- WHAT THE TASK ASKS
Using the material below, repeat exactly the lines from the one with "Legginsy wykonane z" through the one with "Immunohistochemical analysis of", ends included, without any images.

- EXTRACTED ENTRIES
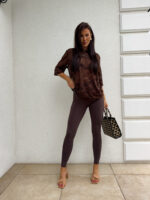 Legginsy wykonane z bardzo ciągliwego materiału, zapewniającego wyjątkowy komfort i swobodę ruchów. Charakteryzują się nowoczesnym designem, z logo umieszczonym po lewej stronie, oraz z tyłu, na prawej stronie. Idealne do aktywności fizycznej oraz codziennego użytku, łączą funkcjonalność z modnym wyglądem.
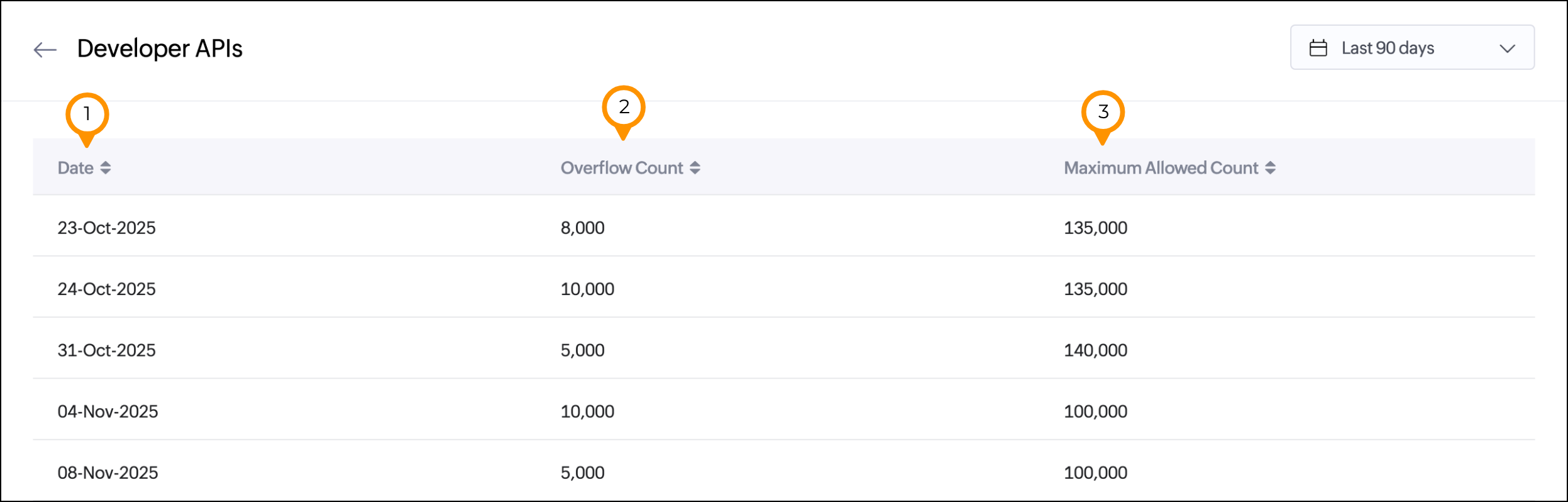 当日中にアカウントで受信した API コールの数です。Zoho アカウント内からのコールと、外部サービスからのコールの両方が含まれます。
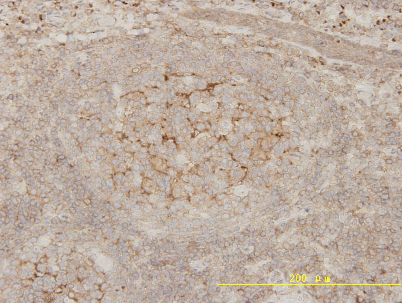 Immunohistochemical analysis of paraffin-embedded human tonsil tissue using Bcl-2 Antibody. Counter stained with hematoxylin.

==

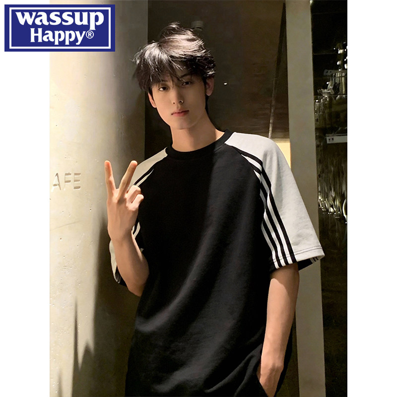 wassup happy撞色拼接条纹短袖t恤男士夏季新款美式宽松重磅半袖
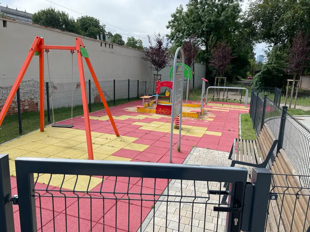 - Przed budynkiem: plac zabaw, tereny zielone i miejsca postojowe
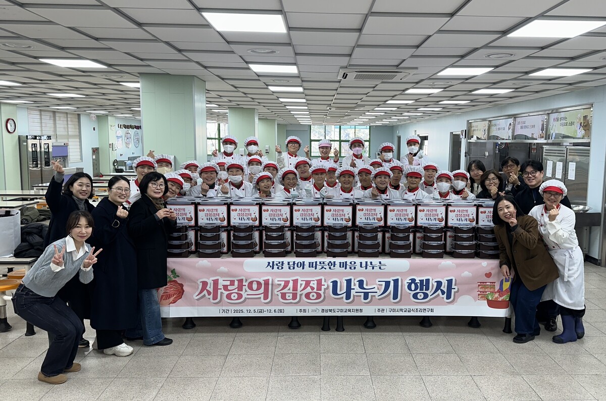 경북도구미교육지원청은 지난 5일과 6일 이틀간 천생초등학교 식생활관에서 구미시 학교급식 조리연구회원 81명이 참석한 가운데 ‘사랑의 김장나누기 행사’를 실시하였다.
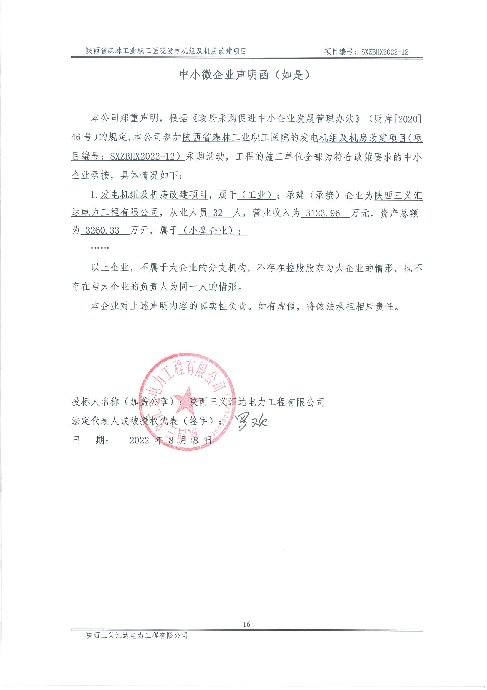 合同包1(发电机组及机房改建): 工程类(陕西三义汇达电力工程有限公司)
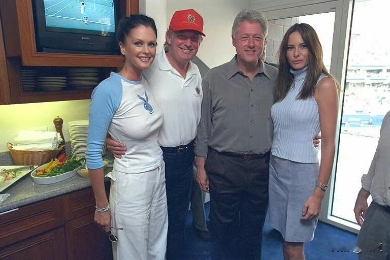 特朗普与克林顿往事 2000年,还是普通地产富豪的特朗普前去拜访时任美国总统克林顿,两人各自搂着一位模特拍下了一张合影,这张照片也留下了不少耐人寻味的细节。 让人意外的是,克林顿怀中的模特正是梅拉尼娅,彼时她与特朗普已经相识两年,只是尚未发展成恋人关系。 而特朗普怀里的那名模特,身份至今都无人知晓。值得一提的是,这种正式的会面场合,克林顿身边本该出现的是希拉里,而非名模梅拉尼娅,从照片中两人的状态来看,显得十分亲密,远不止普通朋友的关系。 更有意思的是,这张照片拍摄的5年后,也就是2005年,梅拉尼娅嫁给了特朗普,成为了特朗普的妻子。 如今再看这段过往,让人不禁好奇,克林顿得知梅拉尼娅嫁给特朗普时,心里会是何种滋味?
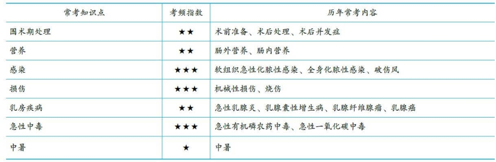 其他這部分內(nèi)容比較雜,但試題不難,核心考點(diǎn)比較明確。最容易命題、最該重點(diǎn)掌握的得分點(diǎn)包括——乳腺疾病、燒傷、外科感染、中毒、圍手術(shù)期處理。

- RESULT OF THIS EXERCISE
 Legginsy wykonane z bardzo ciągliwego materiału, zapewniającego wyjątkowy komfort i swobodę ruchów. Charakteryzują się nowoczesnym designem, z logo umieszczonym po lewej stronie, oraz z tyłu, na prawej stronie. Idealne do aktywności fizycznej oraz codziennego użytku, łączą funkcjonalność z modnym wyglądem.
 当日中にアカウントで受信した API コールの数です。Zoho アカウント内からのコールと、外部サービスからのコールの両方が含まれます。
 Immunohistochemical analysis of paraffin-embedded human tonsil tissue using Bcl-2 Antibody. Counter stained with hematoxylin.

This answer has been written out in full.